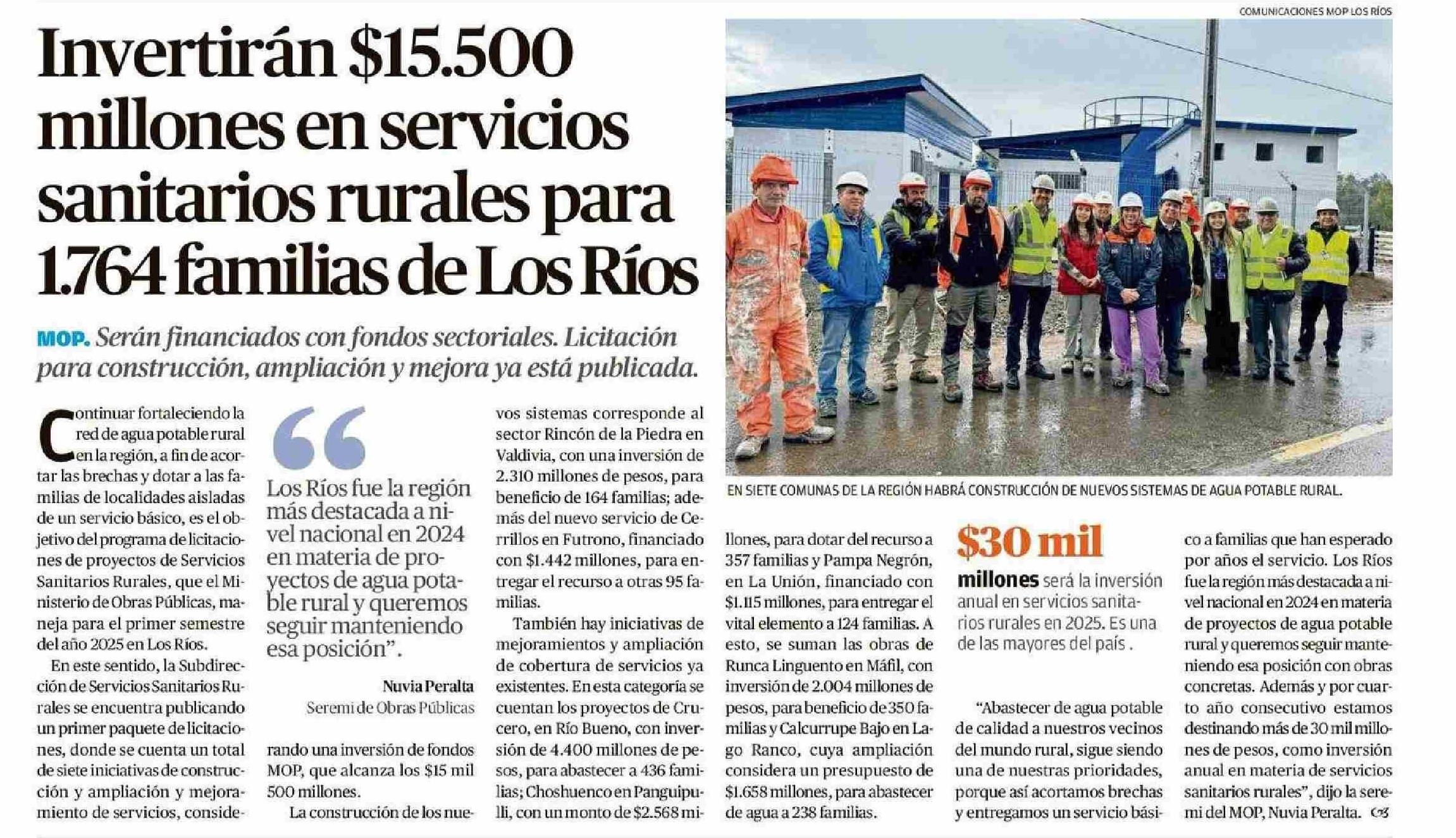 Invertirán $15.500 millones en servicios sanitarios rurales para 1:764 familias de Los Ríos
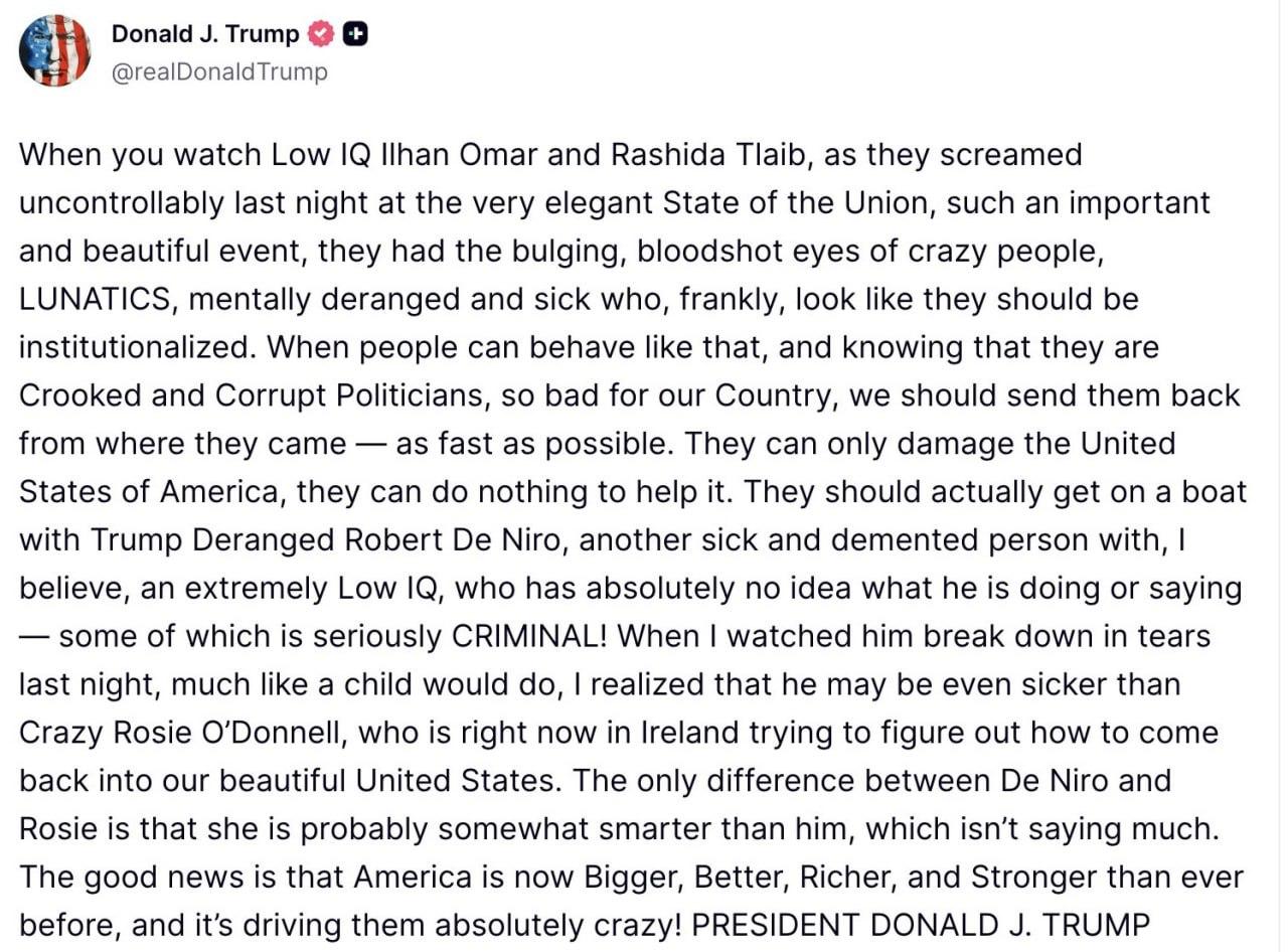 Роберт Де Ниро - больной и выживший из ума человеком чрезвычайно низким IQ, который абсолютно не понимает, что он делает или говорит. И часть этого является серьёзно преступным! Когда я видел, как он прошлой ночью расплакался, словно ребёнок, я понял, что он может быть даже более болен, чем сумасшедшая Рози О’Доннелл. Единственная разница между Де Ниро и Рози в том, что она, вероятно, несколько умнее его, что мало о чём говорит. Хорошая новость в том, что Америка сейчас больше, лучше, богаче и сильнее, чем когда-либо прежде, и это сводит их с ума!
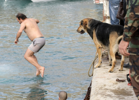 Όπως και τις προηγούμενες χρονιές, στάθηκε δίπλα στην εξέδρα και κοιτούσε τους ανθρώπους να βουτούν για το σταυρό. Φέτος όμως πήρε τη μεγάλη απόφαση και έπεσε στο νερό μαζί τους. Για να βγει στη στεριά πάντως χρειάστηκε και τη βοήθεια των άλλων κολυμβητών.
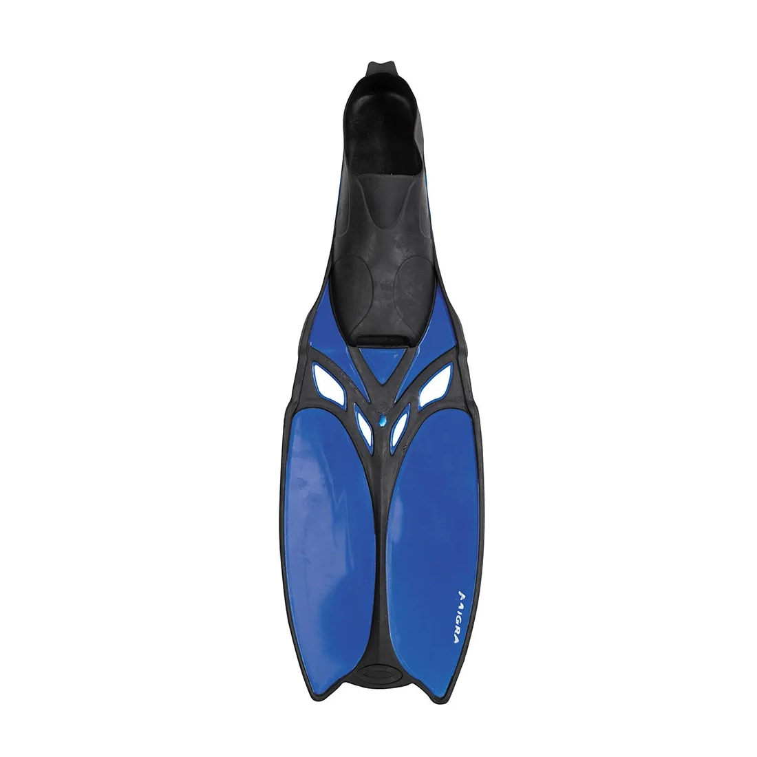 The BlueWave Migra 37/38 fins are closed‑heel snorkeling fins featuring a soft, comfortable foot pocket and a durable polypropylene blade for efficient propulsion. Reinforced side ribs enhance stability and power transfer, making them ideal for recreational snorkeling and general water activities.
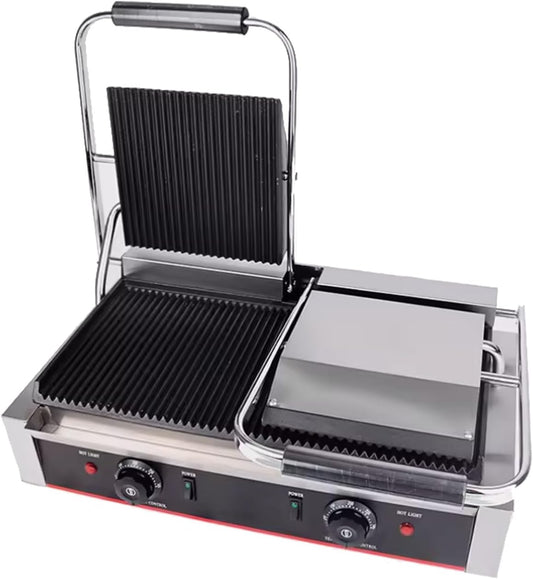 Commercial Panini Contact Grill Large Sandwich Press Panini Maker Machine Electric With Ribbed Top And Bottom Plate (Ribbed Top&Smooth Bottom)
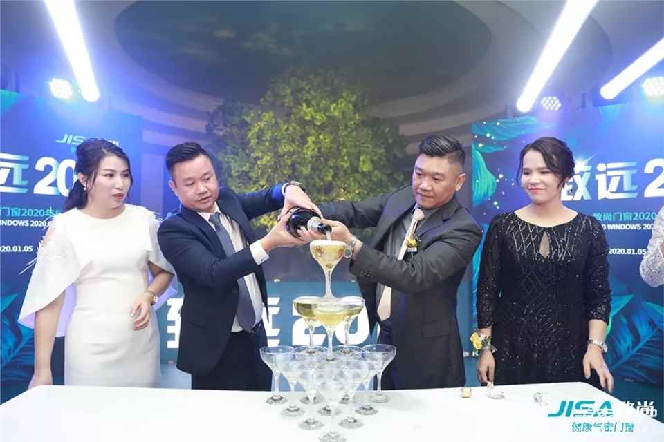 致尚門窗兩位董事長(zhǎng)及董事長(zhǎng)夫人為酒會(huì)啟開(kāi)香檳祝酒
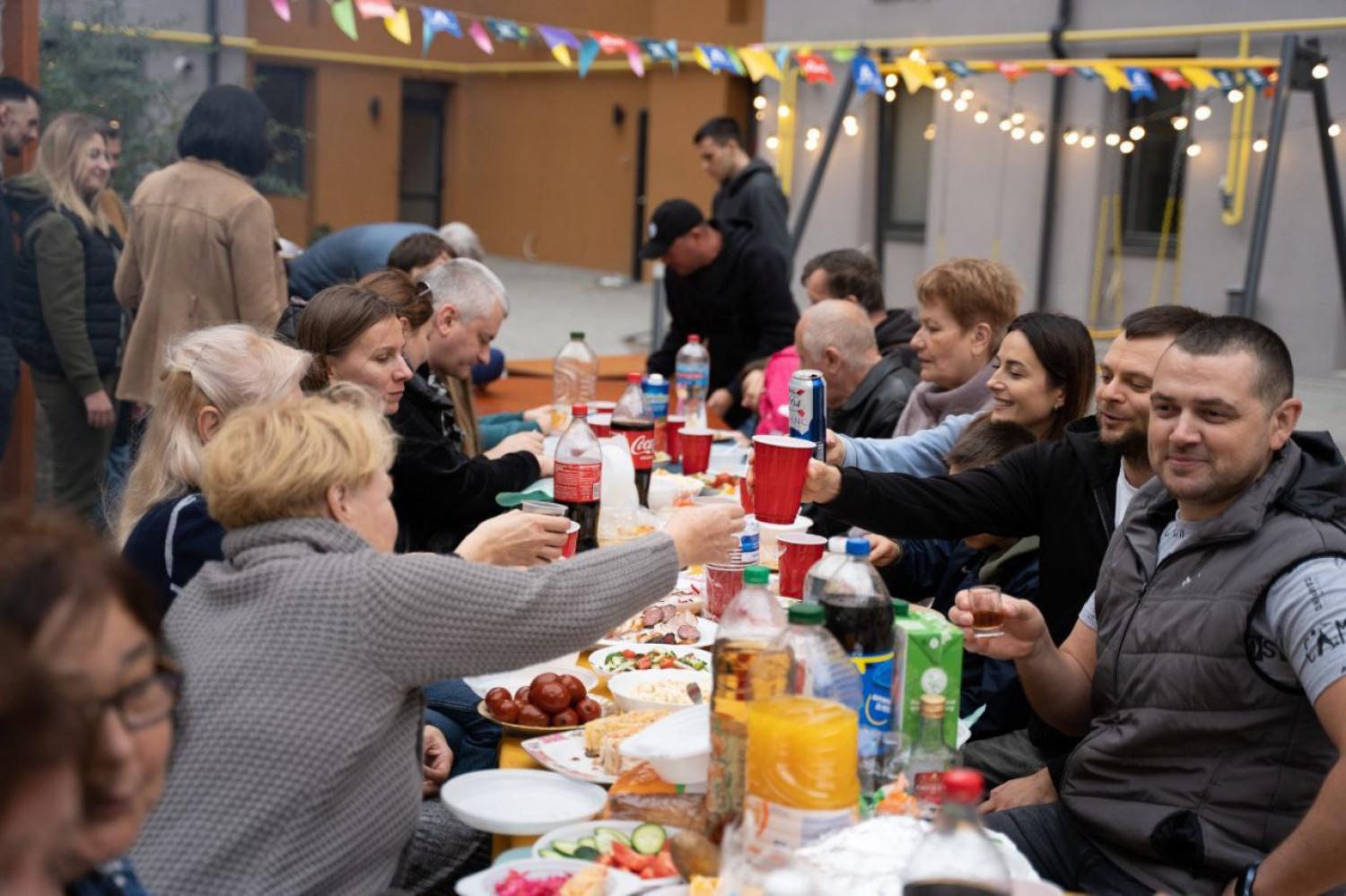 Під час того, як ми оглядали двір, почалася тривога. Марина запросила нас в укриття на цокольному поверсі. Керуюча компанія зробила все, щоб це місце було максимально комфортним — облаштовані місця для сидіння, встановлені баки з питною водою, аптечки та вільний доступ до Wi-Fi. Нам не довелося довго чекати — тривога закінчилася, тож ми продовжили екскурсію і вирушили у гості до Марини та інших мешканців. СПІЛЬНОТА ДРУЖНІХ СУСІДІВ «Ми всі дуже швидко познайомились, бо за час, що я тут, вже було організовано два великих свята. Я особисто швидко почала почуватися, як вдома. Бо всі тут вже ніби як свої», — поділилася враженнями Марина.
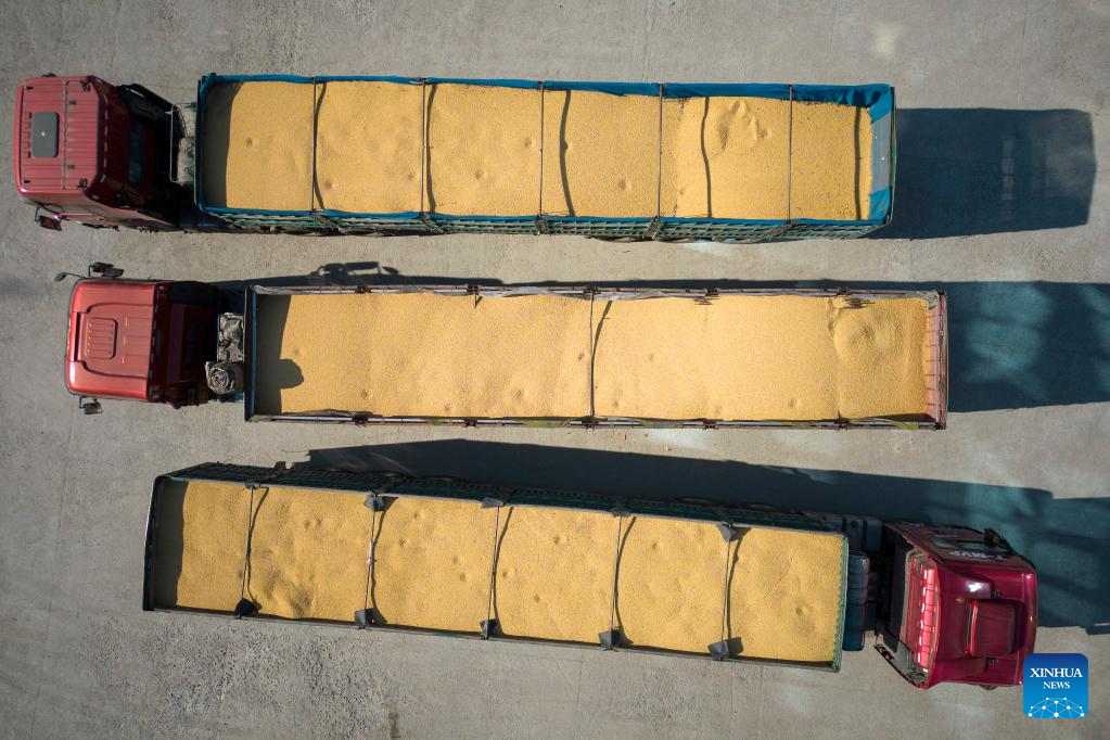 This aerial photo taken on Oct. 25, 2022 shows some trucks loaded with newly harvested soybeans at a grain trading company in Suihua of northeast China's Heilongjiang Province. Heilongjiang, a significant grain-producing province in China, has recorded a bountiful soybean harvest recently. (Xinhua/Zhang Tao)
------------------------------------------------------------
For this exercise, return exactly the lines above from the line with "Όπως και τις" through the line with "致尚門窗兩位董事長(zhǎn", both included. Do not copy the pictures.

 Όπως και τις προηγούμενες χρονιές, στάθηκε δίπλα στην εξέδρα και κοιτούσε τους ανθρώπους να βουτούν για το σταυρό. Φέτος όμως πήρε τη μεγάλη απόφαση και έπεσε στο νερό μαζί τους. Για να βγει στη στεριά πάντως χρειάστηκε και τη βοήθεια των άλλων κολυμβητών.
 The BlueWave Migra 37/38 fins are closed‑heel snorkeling fins featuring a soft, comfortable foot pocket and a durable polypropylene blade for efficient propulsion. Reinforced side ribs enhance stability and power transfer, making them ideal for recreational snorkeling and general water activities.
 Commercial Panini Contact Grill Large Sandwich Press Panini Maker Machine Electric With Ribbed Top And Bottom Plate (Ribbed Top&Smooth Bottom)
 致尚門窗兩位董事長(zhǎng)及董事長(zhǎng)夫人為酒會(huì)啟開(kāi)香檳祝酒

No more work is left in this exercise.